ST. LOUIS — The city of St. Louis circumvented normal purchasing procedures to buy "emergency" items that don't meet that definition, such as a sno-cone machine, fleece blankets and magnetic baseball schedules, a state audit says.
Emergency funding procedures also were used to buy a $9,300 satellite phone and $5,000 in photo equipment, state Auditor Susan Montee said Tuesday.
The city also purchased $25,000 luxury sedans for the newly elected president of the Board of Aldermen and the Recorder of Deeds.
The vehicles, purchased in April 2007, were equipped with heated leather steering wheels and seats.

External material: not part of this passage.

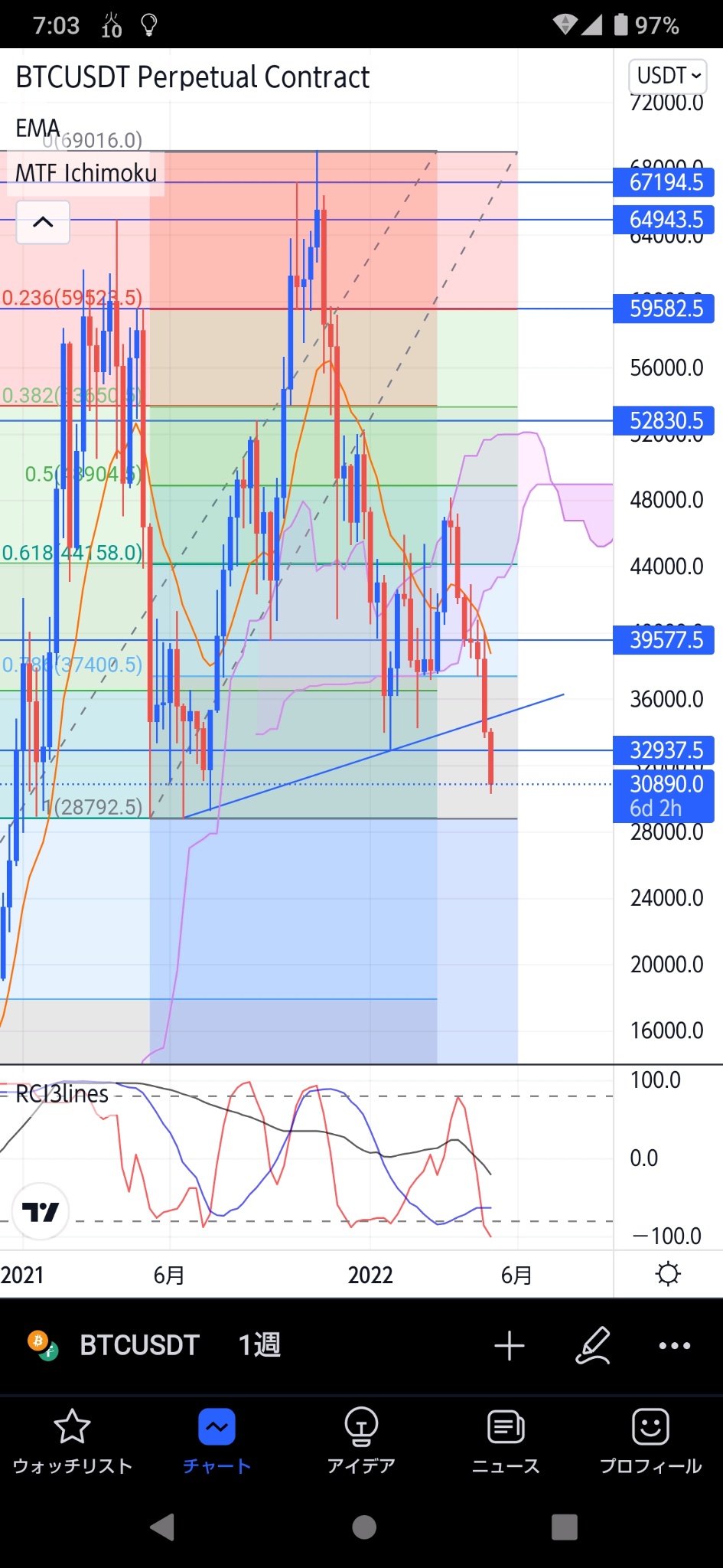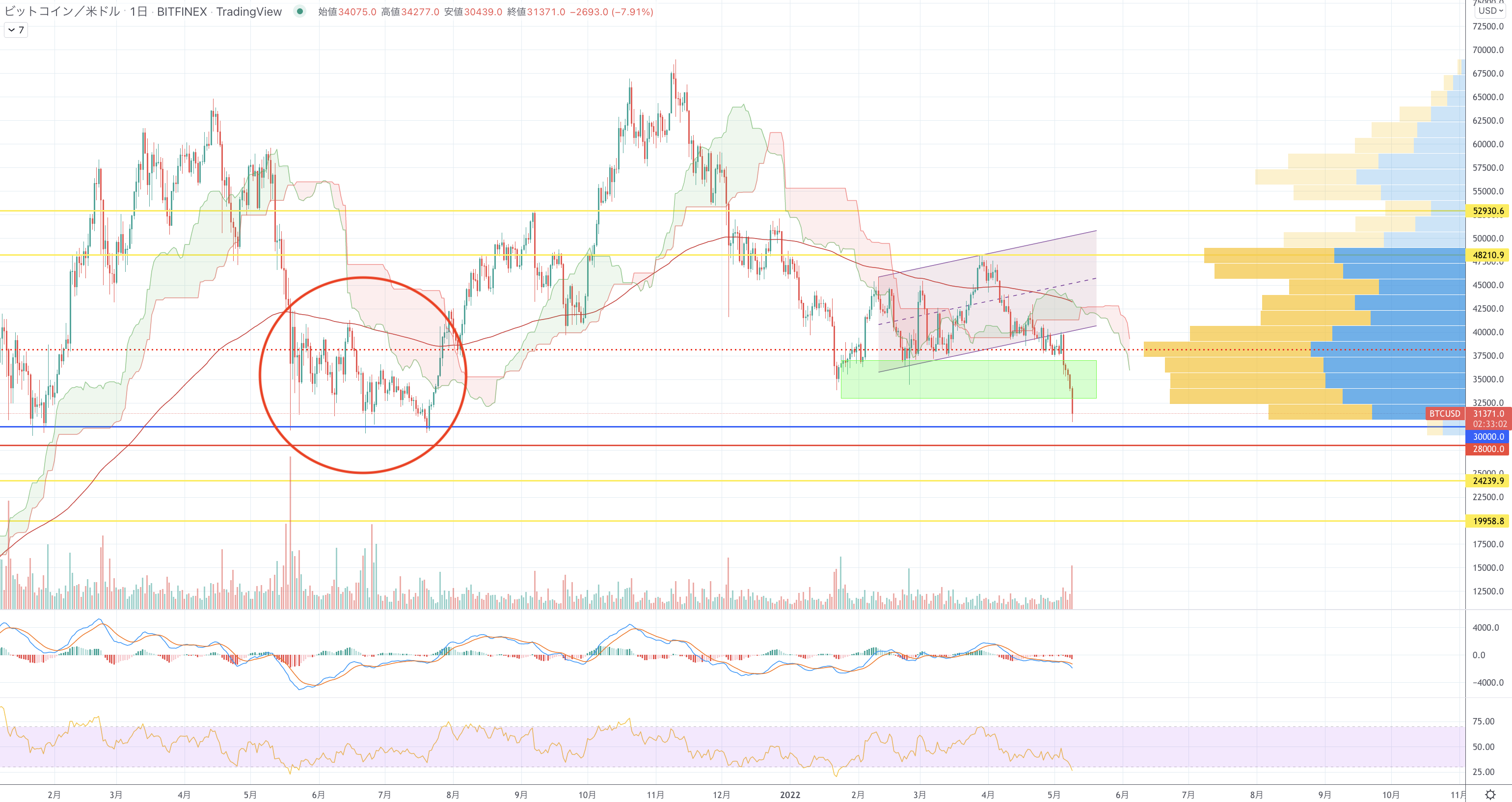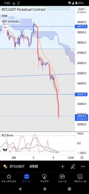 まだ下が強いですね。ロングは建値近くで切られてノーポジです。下のサポートとしてはキリの良いだけの弱いサポート$30000や、2021年6月の押し安値$28790程度です。$32940まで戻るなら戻り売りを狙う形になりそうで、間の位置ではまだポジションが持ちにくいと思います😇 pic.twitter.com/CaLto6LwKe

The aldermanic president used his city-owned vehicle for personal use but didn't maintain mileage logs, so there's no way to monitor whether the privilege is being abused, Montee said.
She said the city might want to have a policy to determine what options are reasonable for city-owned cars.
Montee held a news conference Tuesday to release reports on the first four areas of St. Louis government her office audited.
The audit, requested by a citizens' group, is ongoing and won't be completed until next year.
Some citizens who are critical of Mayor Francis Slay complained at the news conference that the audit will not be completed soon enough to derail the mayor's hopes of being re-elected in April.
"I don't set a timetable by someone else's election calendar," Montee said. "We put them (audits) out when they're done."
Montee said the city was cooperative and open to suggestions, and already had begun implementing her auditors' recommendations.
Spokesman Ed Rhode said the city will wait for the complete audit before commenting.
The audit also found that the city doesn't track the costs and benefits of an employee wellness program. And it said the city gave one-time payments to two employees who performed extra duties when they temporarily filled vacancies. Yet there was inadequate documentation supporting those claims.